The paprika is truly the heart of this dish. I once made it without when I ran out and while still good it lacked that distinctive warmth and depth that makes it special. Now I keep Spanish paprika specifically for this recipe because its sweet smoky quality transforms ordinary ingredients into something magnificent.
The Secret to Perfect Texture
The key to this dish is patience with the cooking times. Rushing the initial searing process or cutting the simmer time short will result in tough chicken and underdeveloped flavors. Allow each stage its proper time and you'll be rewarded with chicken that practically falls off the bone and vegetables that melt into a silky sauce.
Make It Your Own
While the classic recipe is perfect as is there are endless ways to personalize this dish. Try adding a handful of pitted olives during the final simmer for a briny contrast.

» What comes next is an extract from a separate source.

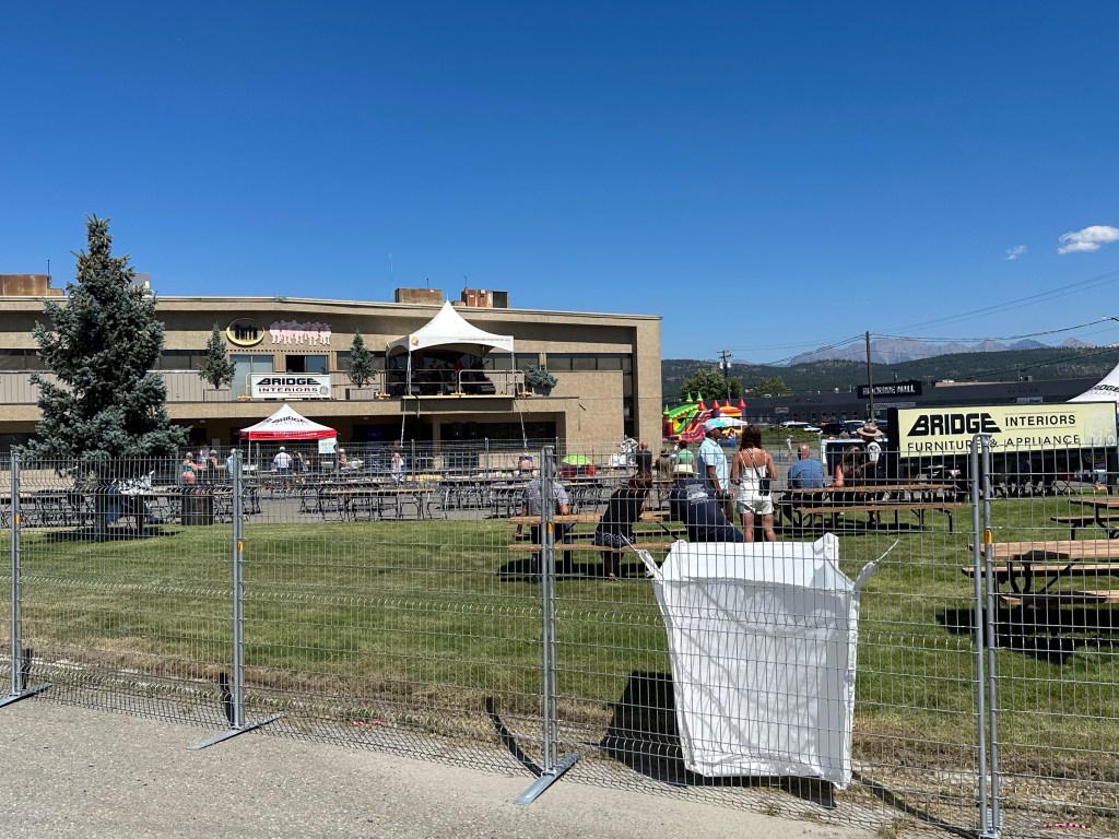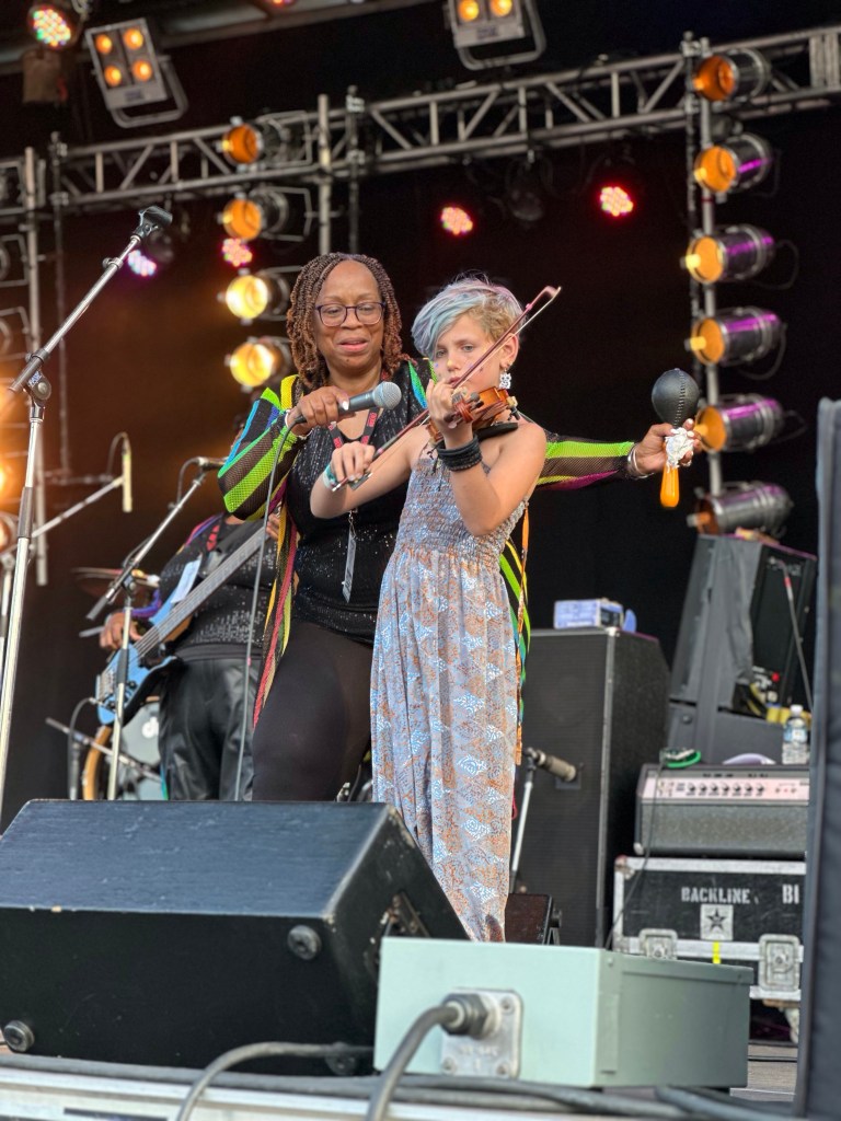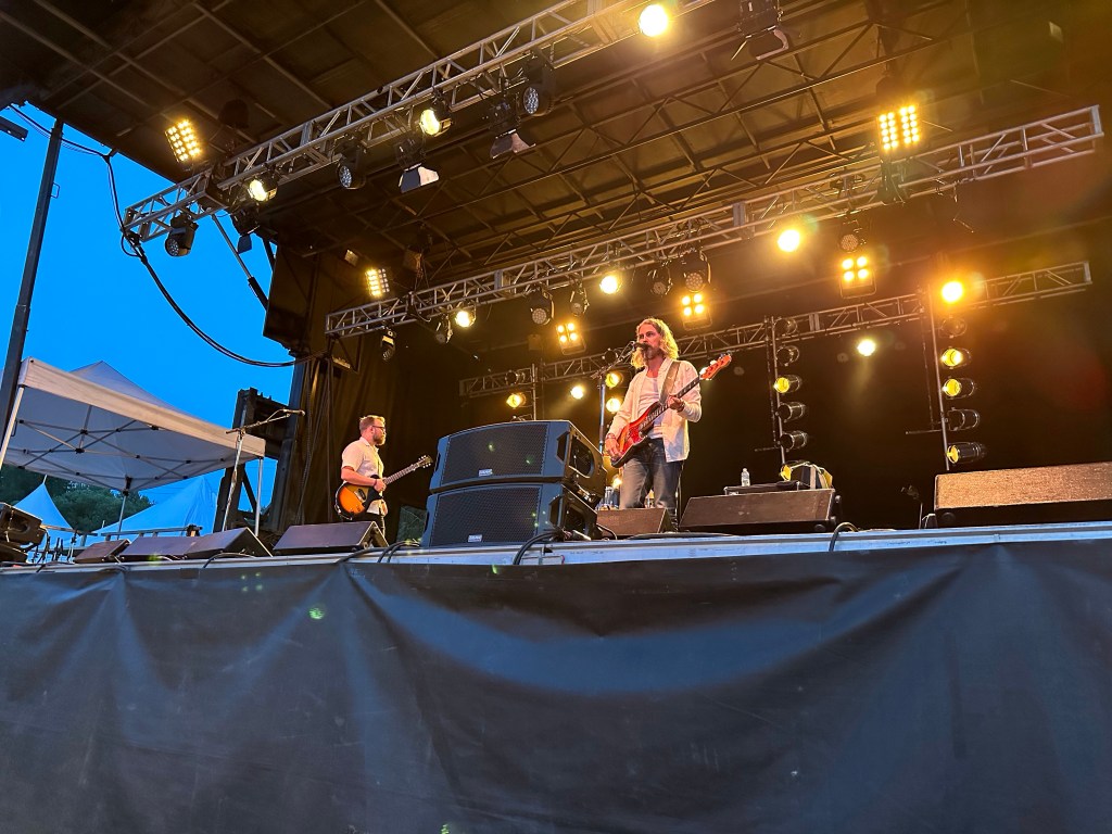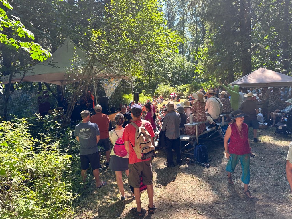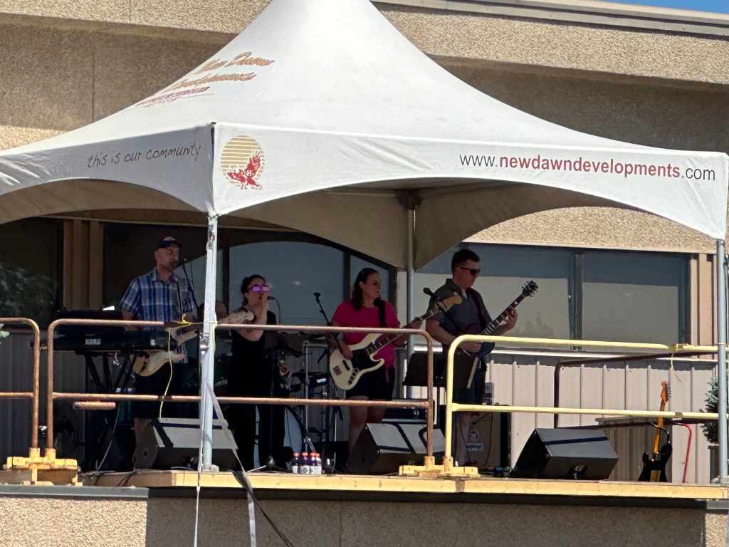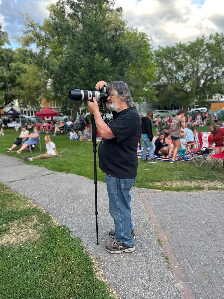 The most important part of my job is keeping the performers happy, or rather, keeping my crew happy, or rather keeping the audience happy… Today was not without its tests but I think overall… mission accomplished. One of my stages had technical difficulties getting going and started 45 minutes late. Poor Tennyson King duo were left standing on stage waiting on the tech. The great thing is that we had them play for our Peak Music Fest last summer in Cranbrook and I bought a tank with Tennyson’s face on it and wore it today. When things were dragging out and some people started to get up to wander away I stepped in front of the stage and told everyone we were sorry but they should stay as I liked these performers so much that I bought the shirt. People laughed and sat down again and I know enjoyed the show. Tennyson insisted on pics with me and a selfie with him and his band mate.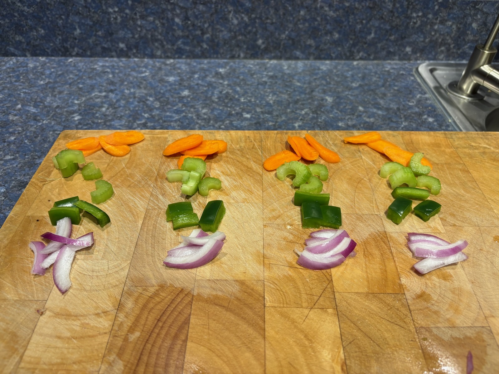 Prepped 4 servings of salad veggies. With carrot, celery, green pepper, red onion. 1 extra serving for lunch Sunday.

Spice lovers can incorporate a pinch of red pepper flakes with the paprika. For extra richness stir in a splash of heavy cream just before serving. Each variation creates a slightly different experience while maintaining the soul of the dish.
Serving Suggestions
This versatile dish pairs beautifully with so many sides. My family especially loves it with crusty bread for soaking up the flavorful sauce. For a more substantial meal serve it over fluffy white rice or creamy polenta. A simple green salad dressed with lemon and olive oil provides a bright counterpoint to the rich flavors of the chicken and sauce.

Patience rewards you with a meal bursting with flavors and textures that will delight family and guests alike!
Frequently Asked Questions
- → Can I use boneless chicken for this dish?
Bone-in chicken thighs are recommended for the best flavor and tenderness, but boneless thighs can be used. Adjust the cooking time accordingly.
- → What is the best side dish to serve with Nigella Chicken Basque?
This dish pairs beautifully with crusty bread, rice, or even mashed potatoes to soak up the flavorful sauce.
- → Can I make this dish spicier?
Yes, you can increase the paprika or add a pinch of chili flakes to elevate the spice level to your preference.
- → Can I prepare this meal in advance?
Yes, you can prepare it a day ahead. The flavors deepen as it rests, making it even tastier when reheated.
- → Can I substitute the white wine in the recipe?
If you prefer not to use white wine, you can substitute it with chicken stock or a splash of apple cider vinegar for acidity.